The traffic between Nairobi and Nakuru snails on the A104 highway, with entrepreneurial Kenyan drivers tailgating and overlapping and breaking all the other known and unknown rules in the highway code, and outnumbered policemen and women doing their best to enforce the law and to instantly informally tax law breaking motorists.
In Naivasha, and at the Sachangwan-Molo section, everyone, excepting the nutcases and totally clueless, is at their best behaviour. In these sections, even a Tuk-Tuk can overtake a Probox or a Subaru driver.
These sections are said to be where speed cameras have been mounted. These gadgets instill the fear of God into drivers of all backgrounds.

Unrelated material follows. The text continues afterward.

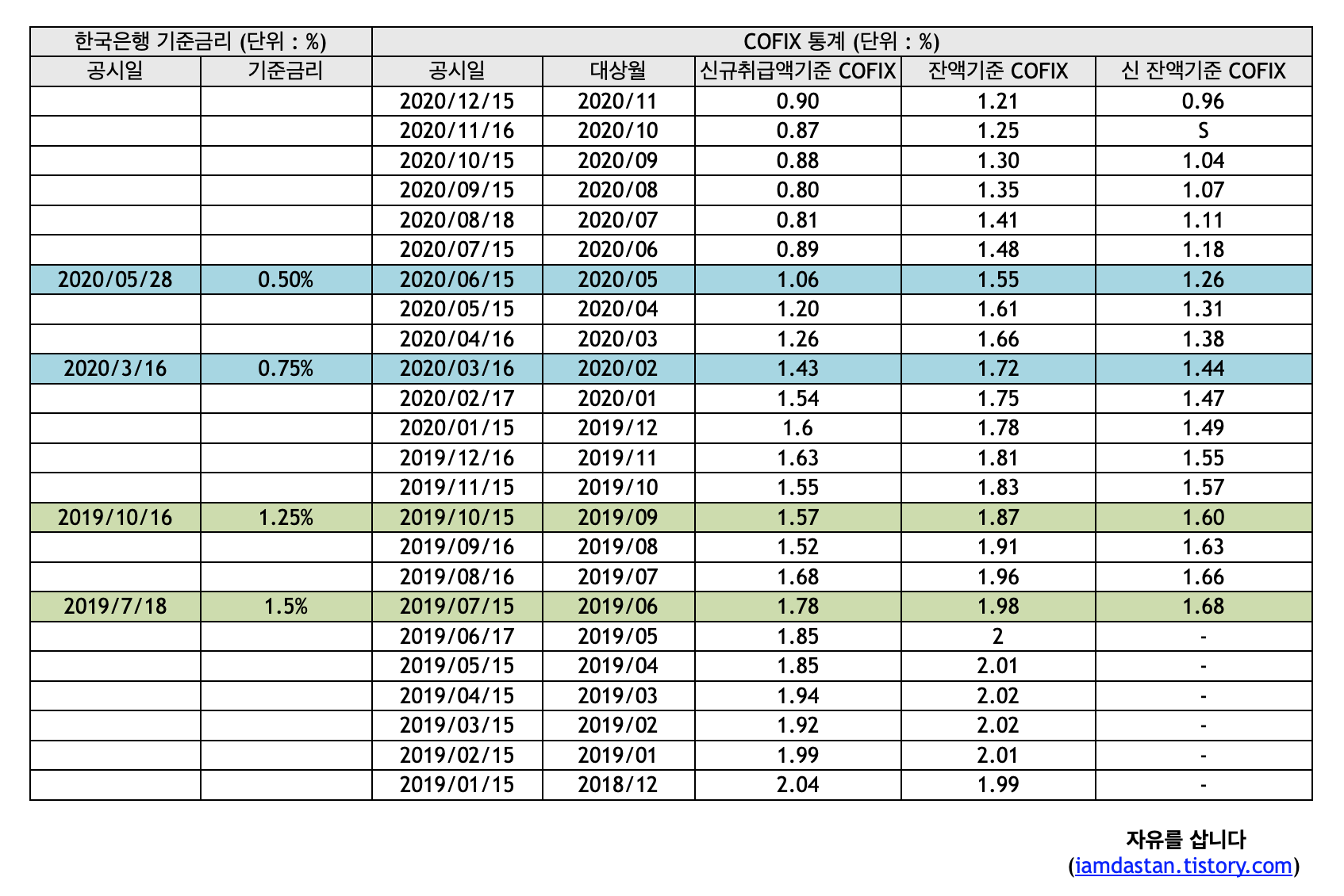 한국은행 기준금리만으로 보면 2019년 7월 18일 1.5%에서 2020년 5월 28일 0.5%(역대 최저금리)로 1/3이 되었고, 코픽스 금리 또한 2019년 7월 18일 1.78%에서 2020년 12월 15일 0.90%로 반토막이 되었습니다.

It is more likely, however, that the police monitor speed using unmarked cars. The difference, however, is the same — every driver gets serious chills, for the fines here are real, and the time wasted at the police station or at the courts is capable of disorganizing your schedule for a whole month.

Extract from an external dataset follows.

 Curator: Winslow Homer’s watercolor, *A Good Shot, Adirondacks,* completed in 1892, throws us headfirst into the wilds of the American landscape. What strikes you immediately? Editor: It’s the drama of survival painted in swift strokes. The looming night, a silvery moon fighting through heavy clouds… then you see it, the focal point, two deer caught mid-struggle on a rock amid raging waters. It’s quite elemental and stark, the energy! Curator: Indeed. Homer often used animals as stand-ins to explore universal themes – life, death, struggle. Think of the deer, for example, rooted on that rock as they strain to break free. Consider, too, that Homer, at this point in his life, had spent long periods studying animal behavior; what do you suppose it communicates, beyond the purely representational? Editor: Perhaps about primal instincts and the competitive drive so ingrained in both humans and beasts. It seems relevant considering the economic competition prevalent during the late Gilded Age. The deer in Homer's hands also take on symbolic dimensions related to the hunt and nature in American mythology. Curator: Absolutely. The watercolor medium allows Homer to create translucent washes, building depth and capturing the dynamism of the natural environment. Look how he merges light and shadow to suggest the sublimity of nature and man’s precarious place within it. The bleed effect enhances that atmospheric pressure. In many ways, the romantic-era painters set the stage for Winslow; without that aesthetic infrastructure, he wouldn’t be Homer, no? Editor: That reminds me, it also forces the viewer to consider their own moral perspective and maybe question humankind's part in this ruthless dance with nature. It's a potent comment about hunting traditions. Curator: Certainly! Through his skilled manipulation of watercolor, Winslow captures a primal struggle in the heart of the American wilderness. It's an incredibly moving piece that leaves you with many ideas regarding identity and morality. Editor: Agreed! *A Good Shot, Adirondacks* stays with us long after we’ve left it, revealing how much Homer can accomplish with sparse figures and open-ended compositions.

The Naivasha police are particularly notorious for their zealous arrests, even funeral and wedding processions are said not to be spared if they are caught speeding.

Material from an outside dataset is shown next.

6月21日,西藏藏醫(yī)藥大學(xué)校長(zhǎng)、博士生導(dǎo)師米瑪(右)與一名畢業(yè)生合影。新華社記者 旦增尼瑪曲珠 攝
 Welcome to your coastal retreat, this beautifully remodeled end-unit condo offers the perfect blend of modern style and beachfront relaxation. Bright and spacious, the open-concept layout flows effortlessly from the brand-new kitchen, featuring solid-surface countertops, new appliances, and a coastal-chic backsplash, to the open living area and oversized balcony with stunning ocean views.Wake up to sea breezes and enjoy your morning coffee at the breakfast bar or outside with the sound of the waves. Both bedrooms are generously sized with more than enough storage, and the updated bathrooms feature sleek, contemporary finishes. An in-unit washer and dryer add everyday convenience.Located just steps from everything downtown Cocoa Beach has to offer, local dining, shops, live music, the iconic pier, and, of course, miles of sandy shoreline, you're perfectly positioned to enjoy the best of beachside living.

Curiously, there are no signs to warn you. At Kinungi, the speed limit is 50km/hr, but the sign declaring that limit was evacuated a long time ago.
Thieves from your favourite business community have ensured that no road sign mounted on any kind of metal remains on the roadside for long.
At the Gilgil weighbridge, the hawkers have been cleared. Not a single one of the hawkers who used to sell yogurt and oranges and South African apples can be seen.
I found myself thinking about the families of these hawkers and how they are putting food on the table, but I must admit that the place looks much better without them.
What is certain is that the government is likely to face a lot of criticism about the removal of these people from the weighbridge, where they were providing a vital (food) service to truck drivers stuck there.
The government is likely to be seen as being against the informal sector although it is clear that you don’t find hawkers on major highways in the developed world.
The 11km climb to Mau Summit, Londian and Timboroa and on to Burnt Forest is much safer now, thanks to the on-going separation of lanes with huge concrete blocks. I am sure this has resulted in a noticeable decrease in the number of road accidents that used to be so common in that section of the road.
It is a pity that the road zigzags so much as it goes up, preventing you from enjoying the beauty of this place.
If the Kenya Forest Service was led by entrepreneurial leaders, it would construct a rest stop facility with good clean toilets and hot tea in the middle of its expansive forests and, at the bare minimum, offer ngumu mandazis.
But I know, they will argue that selling tea is not their core business. And that is how we often miss great opportunities — by rationalizing ourselves into complete lethargy.